User Click → captureVisibleTab → Data URL → ImageBitmap → Canvas

Why This Approach?

We chose captureVisibleTab over the alternative tabCapture API because:

Aspect captureVisibleTab ✅ tabCapture ❌
Recording indicator None 🔴 Persistent blue circle
Resource usage On-demand only Continuous video stream
Permissions activeTab tabCapture (more invasive)
Complexity Simple data URL MediaStream + ImageCapture

Key Components Involved

Component Location Role
Service Worker service-worker.ts Chrome API access, captureVisibleTab calls
useMediaCapture hooks/useMediaCapture.ts Screenshot capture, ImageBitmap conversion
useLenseCanvasUpdate hooks/useLenseCanvasUpdate.ts Canvas drawing, zoom calculation
Lense.tsx features/Lense/Lense.tsx React component orchestrating all hooks
fisheyegl.ts lib/fisheyegl.ts WebGL fisheye distortion effect

Pipeline Stages

Stage 1: Extension Activation

Trigger: User clicks the extension icon in Chrome toolbar.

What happens:

  1. chrome.action.onClicked fires in service worker
  2. Service worker calls set({ active: true }, agentKey) via Crann
  3. UI script receives state change, becomes visible
  4. useMediaCapture hook auto-captures first frame

Code location: service-worker.tshandleActionButtonClick()
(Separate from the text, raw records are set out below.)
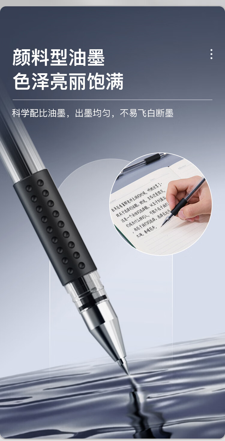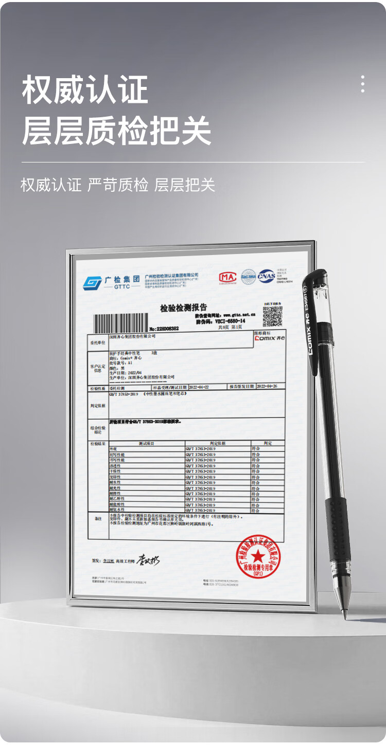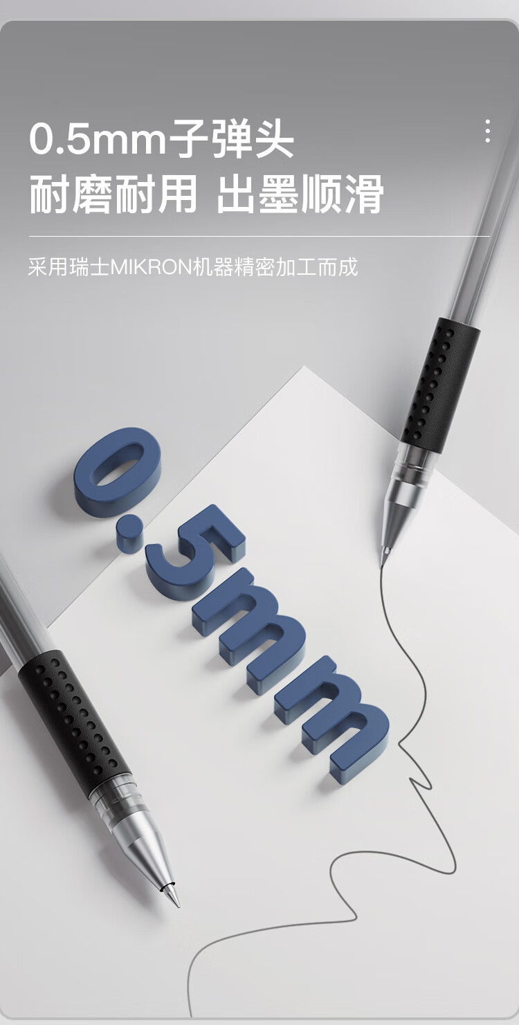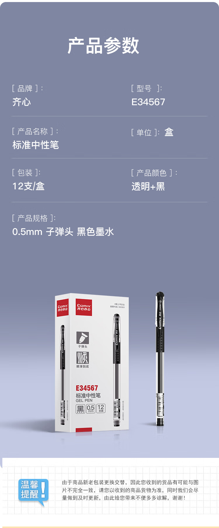 齐心(Comix)0.5mm黑色中性笔软护手拔帽中性笔签字笔商务水笔 12支/盒E34567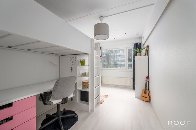 Toisessa kerroksessa sijaitseva viihtyisä päätyhuoneisto tarjoaa rauhallista asumista ja valoa koko päivän. Läpitalon huoneistossa on ikkunat molemmin puolin, ja olohuoneesta on käynti lasitetulle parvekkeelle. Sisäänkäynnin vierestä löytyy tilava vaatehuone, ja käytävällä on kaapisto peililiukuovilla.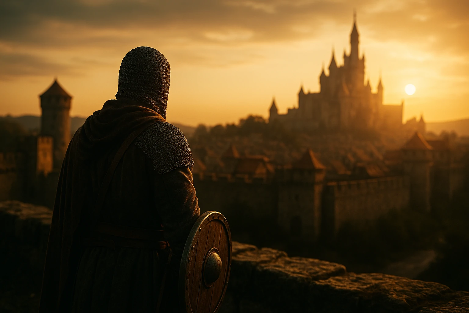 A lone medieval warrior gazes from atop a weathered city wall as the sun sets behind a grand walled fortress, ready to seize new territory and rewards in Evonygalore’s server transfer strategy.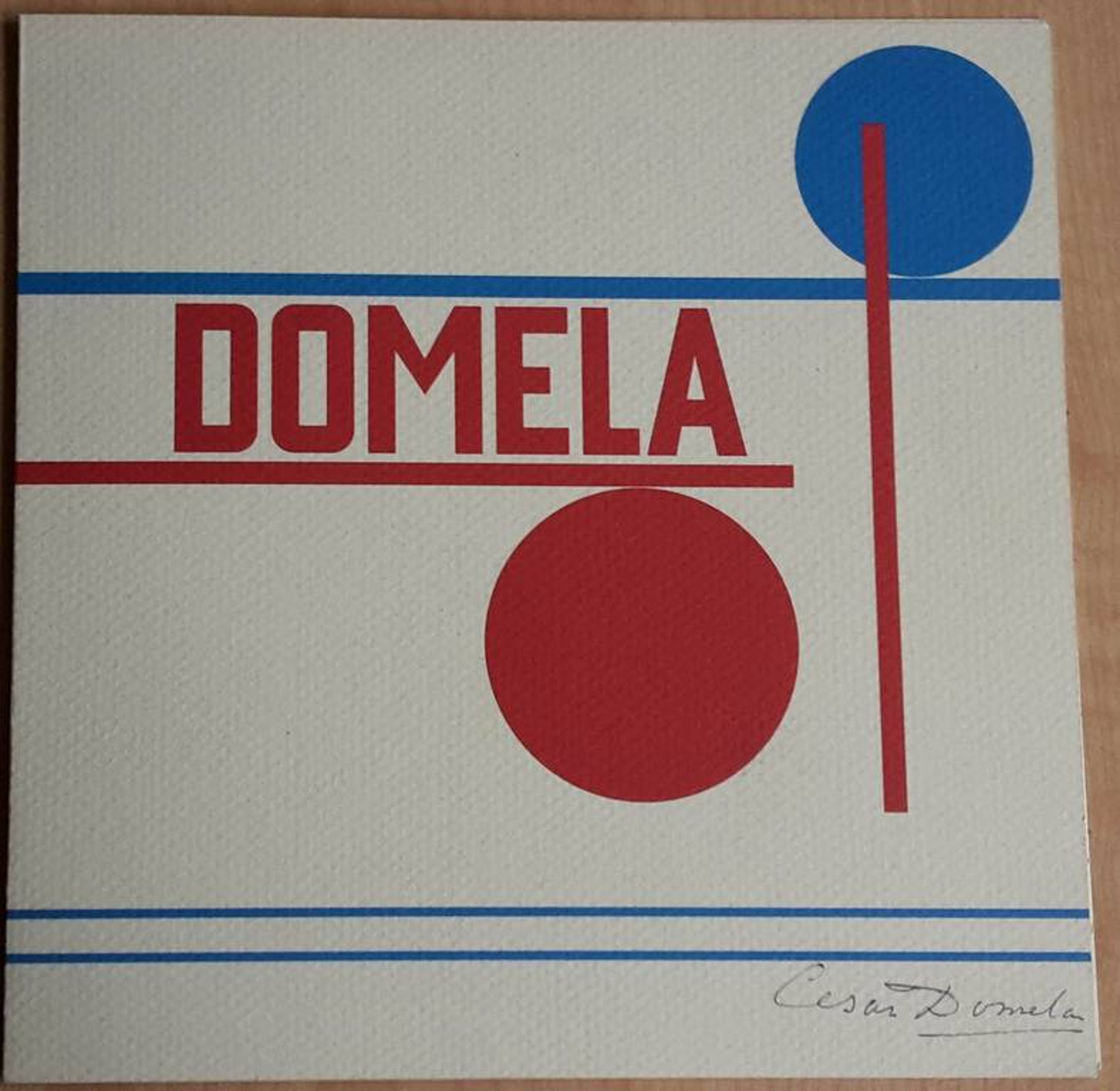 tentoonstellingskaart, 19,5 x 19,5 cm, dubbele kaart, binnenzijde blanco; uitgegeven bij de tentoonstelling "Domela" in het Van Reekum Museum, Apeldoorn, 1990; ontwerp van César Domela, dit ontwerp is ook gebruikt voor het affiche en de catalogus van de tentoonstelling; gesigneerd met pen op de voorzijde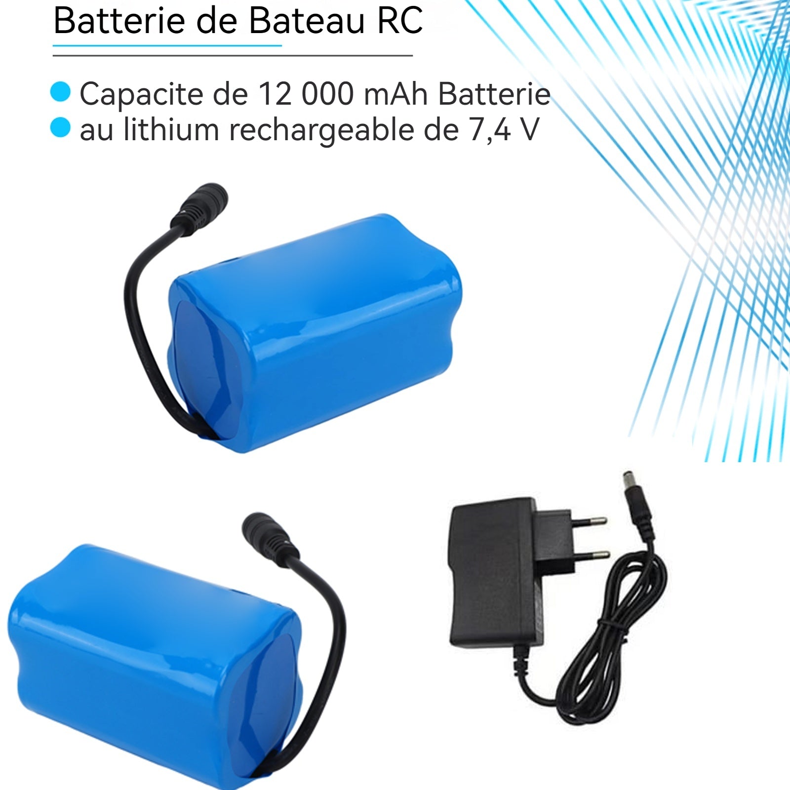 Batterie de bateau de nidification rc batterie 18650 7.4v 12800mah batterie au lithium rechargeable avec 2 batteries et 1 chargeur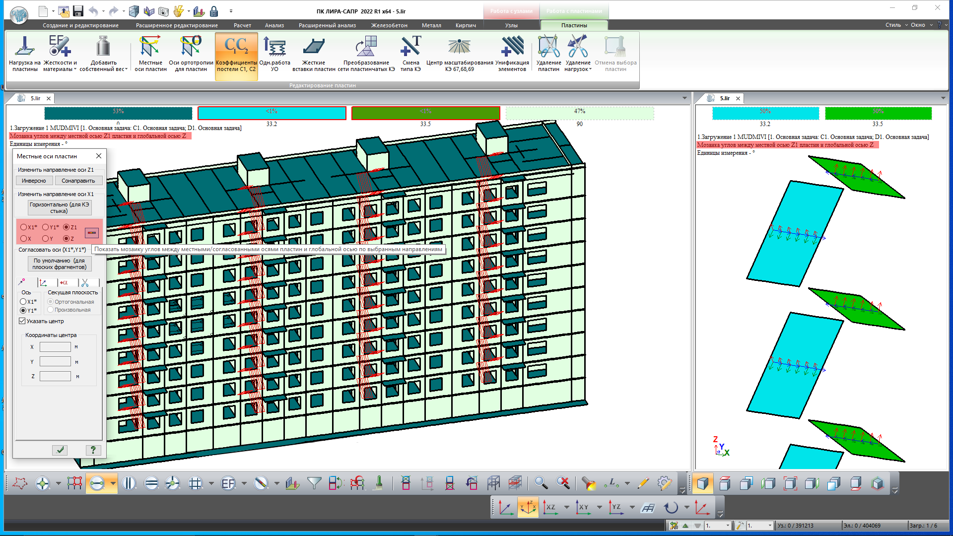 Для КЭ пластин для которых выполняется расчет С1/С2 с использованием системы “ГРУНТ”, добавлен контроль направления местных осей Z1 для того, чтобы исключить случаи когда положительный отпор Rz не передается в исходные данные для уточнения между итерациями.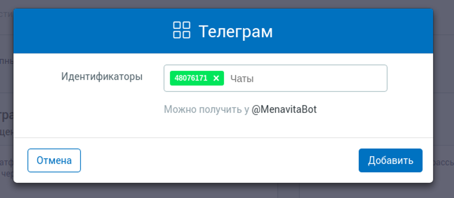 Полученный идентификатор нужно указать в настройках расширения. И всё! Кстати, вы можете указывать несколько идентификаторов, чтобы отправлять оповещения разным людям.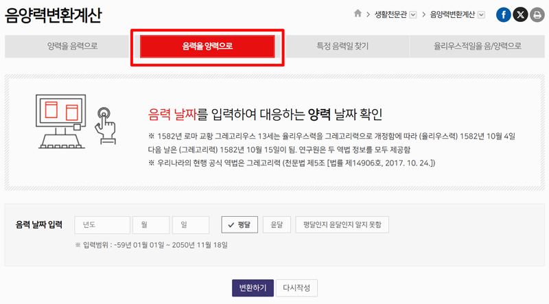 4. 반대로 양력을 음력으로를 선택하시고 양력 날짜를 입력하면 그에 해당하는 음력 날짜가 바로 나오는 구조예요. 날짜는 직접 입력하거나 달력을 통해 선택할 수 있어서 편하게 이용할 수 있어요.

Stage 2: Tab Screenshot (Service Worker)

What is captureVisibleTab?

A Chrome Extension API that takes a single screenshot of the currently visible tab area. It returns a data URL (base64-encoded PNG or JPEG).

How it works:

// In state-config.ts (captureTab action, runs in service worker)
const tab = await chrome.tabs.get(target.tabId);
const dataUrl = await chrome.tabs.captureVisibleTab(tab.windowId, {
  format: 'png'
});
return dataUrl;

Key facts:

  • Returns a data URL string (e.g., ...)
  • Captures only the visible viewport (not scrolled content)
  • No persistent stream or recording indicator
  • Rate limited to 2 calls per second by Chrome
  • Requires activeTab permission

What gets captured: The exact pixels visible in the browser viewport at that moment.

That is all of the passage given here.